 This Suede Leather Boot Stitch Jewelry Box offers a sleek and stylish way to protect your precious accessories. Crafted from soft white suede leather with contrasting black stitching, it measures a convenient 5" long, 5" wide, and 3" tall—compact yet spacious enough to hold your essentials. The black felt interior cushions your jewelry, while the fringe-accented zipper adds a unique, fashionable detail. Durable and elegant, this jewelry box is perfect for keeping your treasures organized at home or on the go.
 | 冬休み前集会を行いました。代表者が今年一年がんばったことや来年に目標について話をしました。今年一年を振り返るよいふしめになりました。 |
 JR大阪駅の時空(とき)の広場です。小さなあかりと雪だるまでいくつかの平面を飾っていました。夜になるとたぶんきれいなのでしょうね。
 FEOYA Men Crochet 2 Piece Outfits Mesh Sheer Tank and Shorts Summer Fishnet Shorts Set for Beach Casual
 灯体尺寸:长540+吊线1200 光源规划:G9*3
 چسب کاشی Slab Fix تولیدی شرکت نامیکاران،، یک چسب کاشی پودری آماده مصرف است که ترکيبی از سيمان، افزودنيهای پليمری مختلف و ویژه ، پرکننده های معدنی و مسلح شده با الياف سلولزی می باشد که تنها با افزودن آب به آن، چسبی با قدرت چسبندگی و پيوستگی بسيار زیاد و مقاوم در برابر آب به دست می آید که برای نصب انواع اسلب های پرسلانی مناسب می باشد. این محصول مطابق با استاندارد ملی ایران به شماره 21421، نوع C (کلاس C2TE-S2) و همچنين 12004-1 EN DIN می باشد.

---

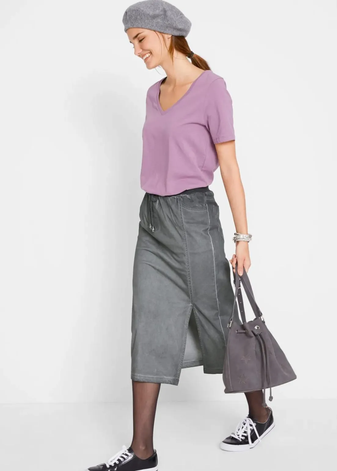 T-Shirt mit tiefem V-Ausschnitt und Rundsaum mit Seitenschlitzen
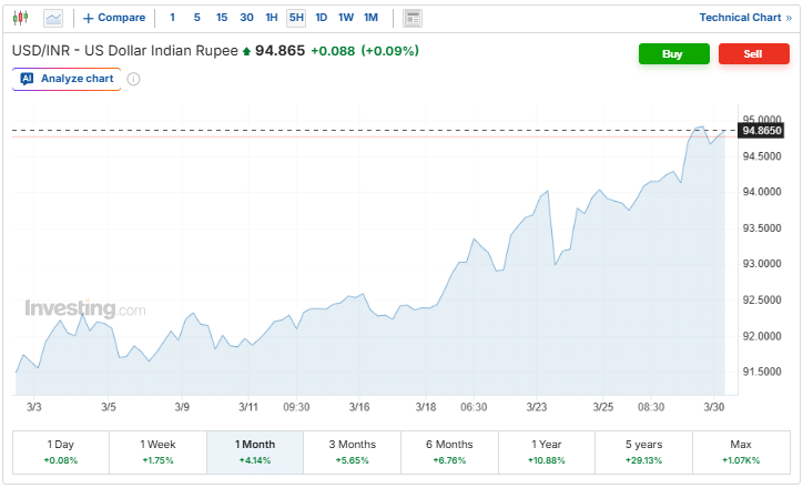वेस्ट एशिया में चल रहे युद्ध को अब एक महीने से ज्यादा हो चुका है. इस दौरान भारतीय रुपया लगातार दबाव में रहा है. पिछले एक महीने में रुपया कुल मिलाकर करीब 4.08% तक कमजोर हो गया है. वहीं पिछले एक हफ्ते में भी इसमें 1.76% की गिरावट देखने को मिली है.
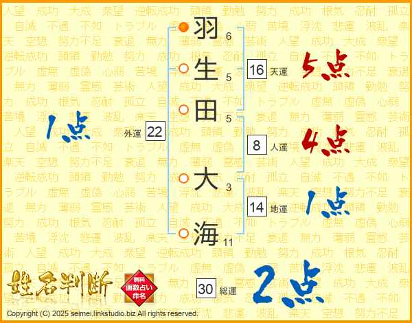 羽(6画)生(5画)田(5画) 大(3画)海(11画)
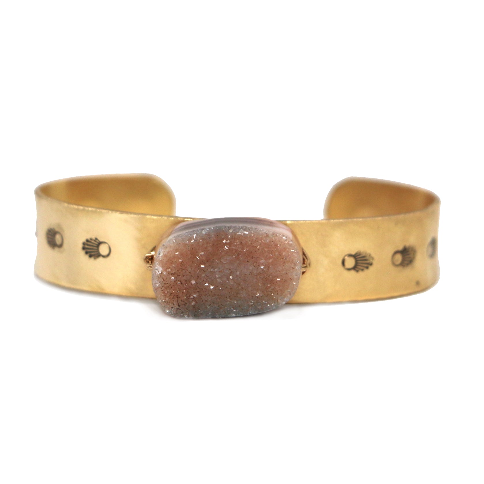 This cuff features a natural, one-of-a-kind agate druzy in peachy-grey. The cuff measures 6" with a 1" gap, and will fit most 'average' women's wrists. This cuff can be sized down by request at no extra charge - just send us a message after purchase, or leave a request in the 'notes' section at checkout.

_Task statement_. Print exactly the lines above from the one with "FEOYA Men Crochet" to the one with "灯体尺寸:长540+吊线1200 光源规划:G9*3", including both.

_Solution to the exercise_.
 FEOYA Men Crochet 2 Piece Outfits Mesh Sheer Tank and Shorts Summer Fishnet Shorts Set for Beach Casual
 灯体尺寸:长540+吊线1200 光源规划:G9*3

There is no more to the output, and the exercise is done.